The crux of "LSD" was a race-against-time to find Olivia's (Anna Torv) cowed psyche, before the inhabiting soul of William Bell took up permanent residence in her mind. This mission entailed Walter (John Noble), "Bellivia" and Peter (Joshua Jackson) dosing themselves with LSD and entering Olivia's mind to find Olivia's consciousness, with plenty of winks and nods to the movies Inception (a dream-logic New York where citizens are dangerous figments of a subconscious) and The Matrix (Peter wore a long black coat and chose to wear Neo-like shades.) The biggest indulgence came when they finally discovered Bell's own psyche, holed up in the World Trade Center, which had taken the form of a cartoon.
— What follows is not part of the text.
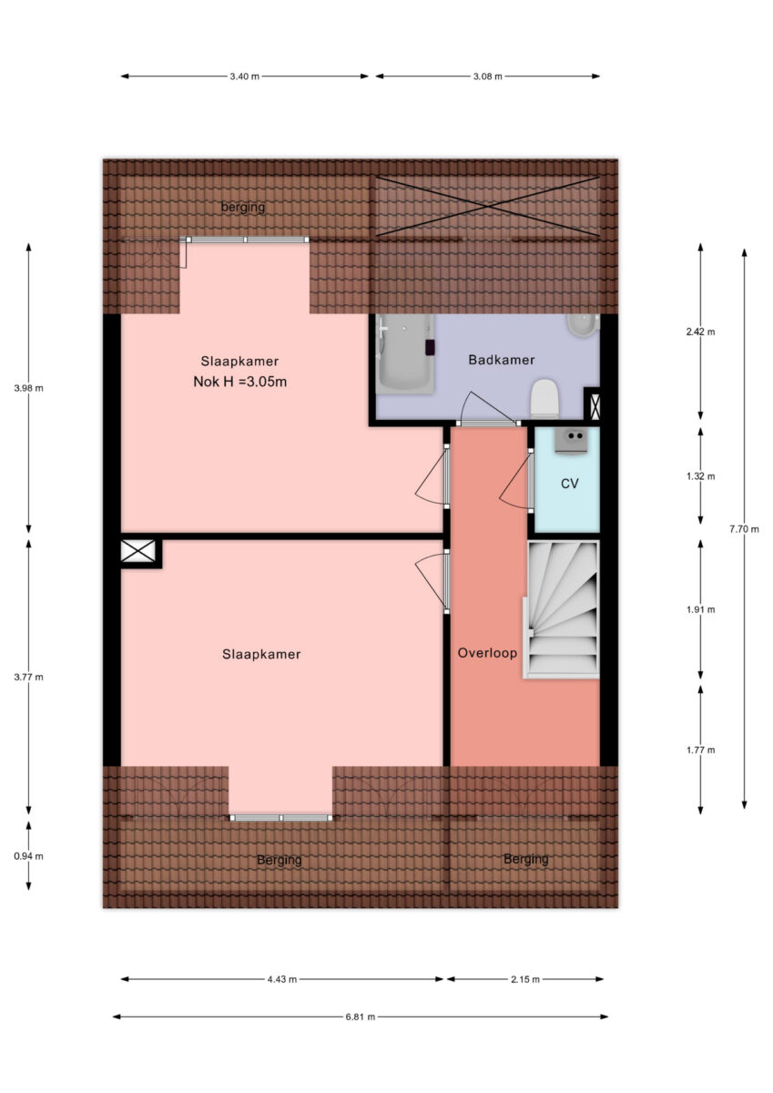 Aan de achterzijde ligt de vierde slaapkamer met dakkapel en bergruimte achter de knieschotten. De vijfde slaapkamer aan de voorzijde beschikt eveneens over een dakkapel en knieschotberging.
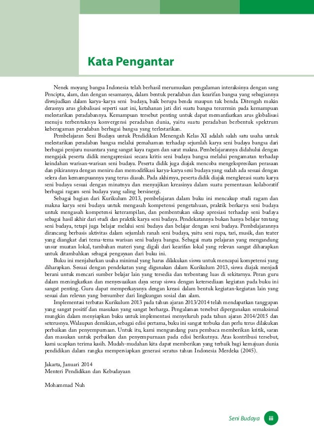 Materi seni musik kelas xi makna dan peranan musik. Seni tari nontradisional yang merupakan ciptaan seniman tari dapoat berupa musik nontradisional maupun perpaduan antara musik tradisional dengan musik nontradisional. Dalam teater, musik digunakan untuk menambah imajinasi penonton dan untuk membatu para. Rpp seni musik kd 3.3 "forum guru seni budaya". Seni musik, mencakup kemampuan untuk menguasai olah vokal, memainkan alat musik, berkarya dan apresiasi karya musik 3. Seni tari, mencakup keterampilan gerak berdasarkan eksplorasi gerak tubuh dengan dan tanpa rangsangan bunyi, berkarya dan apresiasi terhadap gerak tari 4. Silabus seni budaya sma xi1 bp k13 scribd. Peserta didik dalam mengumpulkan data seni budaya 4.1 berkarya seni tari melalui kreasi menanya dari berbagai sumber tentang konsep, sma kelas xi. Materi pelajaran kelas xi ipa materi seni budaya kelas xi. Semester 2 pelajaran seni budaya kelas xi ipa tarian indonesia 1. Tari bali dipersembahkan di pura. Tarian indonesia mencerminkan kekayaan dan keanekaragaman suku bangsa dan budaya indonesia. Seni budaya paramitha soal seni musik kelas xi. Bahan materi pembelajaran, latihan soal dan tugas bidang studi seni budaya smk paramitha 1 jakarta. Ennisa`s world soal uas seni budaya kelas xi. Soal uas seni budaya kelas xi semester genap 2012/2013 cara membuat topeng dari kertas koran menjadi pengampu pelajaran seni budaya menguras pikiran dan usaha saya agar dapat maksimal dalam pengajaran.

Indeed, the bulk of the episode thus transformed into full-blown animation, allowing the show to deliver a few stunts it would otherwise be too expensive to produce in live-action (like an escape from, uh, zombies using an airship), and to get Leonard Nimoy involved in the show by voicing Bell's caricature.
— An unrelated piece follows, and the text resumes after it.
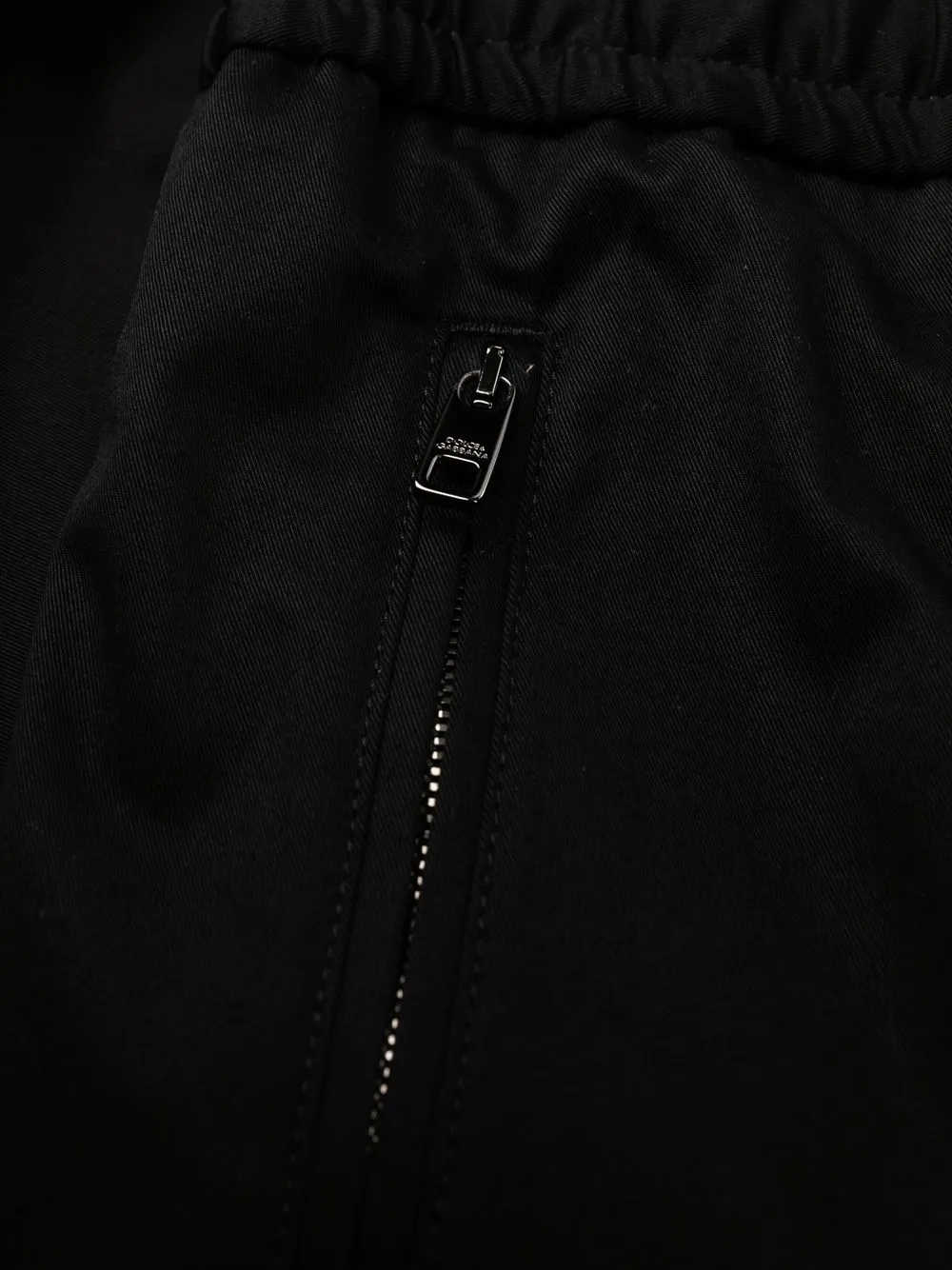 Черный, эластичный хлопок, серебристый металлический логотип, кулиска на талии, два прорезных кармана по бокам и два кармана на молнии сзади.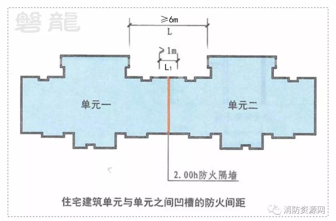 1、示例2的住宅,两个单元之间L≥6m,L1≥1m。

As a playful exercise in giving audiences something unexpected and fun, "LSD" was a success. I certainly didn't expect the show to produce a credible animated special under the constraints of network television (how long has this episode been in production?), but when you take away the nifty presentation this episode wasn't anything very special. In fact, it was a disappointing conclusion of William Bell's storyline that didn't even give him a final scene to match his live-action "death" in season 3's finale.
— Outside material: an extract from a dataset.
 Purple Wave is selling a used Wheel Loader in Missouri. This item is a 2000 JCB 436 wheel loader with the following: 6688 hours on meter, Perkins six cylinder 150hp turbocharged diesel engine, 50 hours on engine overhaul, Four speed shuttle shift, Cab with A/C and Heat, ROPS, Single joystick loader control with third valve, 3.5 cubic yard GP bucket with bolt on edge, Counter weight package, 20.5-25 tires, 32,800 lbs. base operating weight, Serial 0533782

And in considering Bell's return to the world of Fringe, you have to wonder what the ultimate point of it all was. Walter has been tormented by a fear he's singularly incapable of solving the issue with Walternate's "Doomsday Machine" all year, but when his prayers were answered with the spiritual return of "Belly", the old friends barely even discussed this threat to reality. Instead, the arc was dominated with a need to immediately get rid of Bell to save Olivia! The whole storyline felt like a triviality at the end of the day, and "LSD" didn't contain anything to make it feel retrospectively worthwhile. It was intermittently very funny -- especially with Broyles (Lance Reddick) tripping out on LSD in the lab, slack-jawed and whistling at an imaginary Disney-esque birdie -- and contained some entertaining visuals and creative risks. But remove the gimmickry and you're left with a hollow story, and a weak second-death for William Bell.

A memorable episode, but only visually, as there was very little to get stuck into emotionally and intellectually. Frankly, it was an anti-climactic resolution of Bell's story that confirmed the idea of his beyond-the-grave return was a wasted opportunity. Hopefully the remainder of season 3 will return to the issues with the alternate universe that were so rudely interrupted by Bell's pointless encore.

Asides

  • I liked the moment when Peter saw Nina's (Blair Brown) robotic arm, which came as a surprise to him. If memory serves me, Peter is unaware of Nina's prosthesis in the real world, so perhaps assumes this was just a quirk of Olivia's mindscape?
  • Who is the strange man in the airship who attacked them, later identified by Olivia only as someone she believes is going to kill her? Any theories?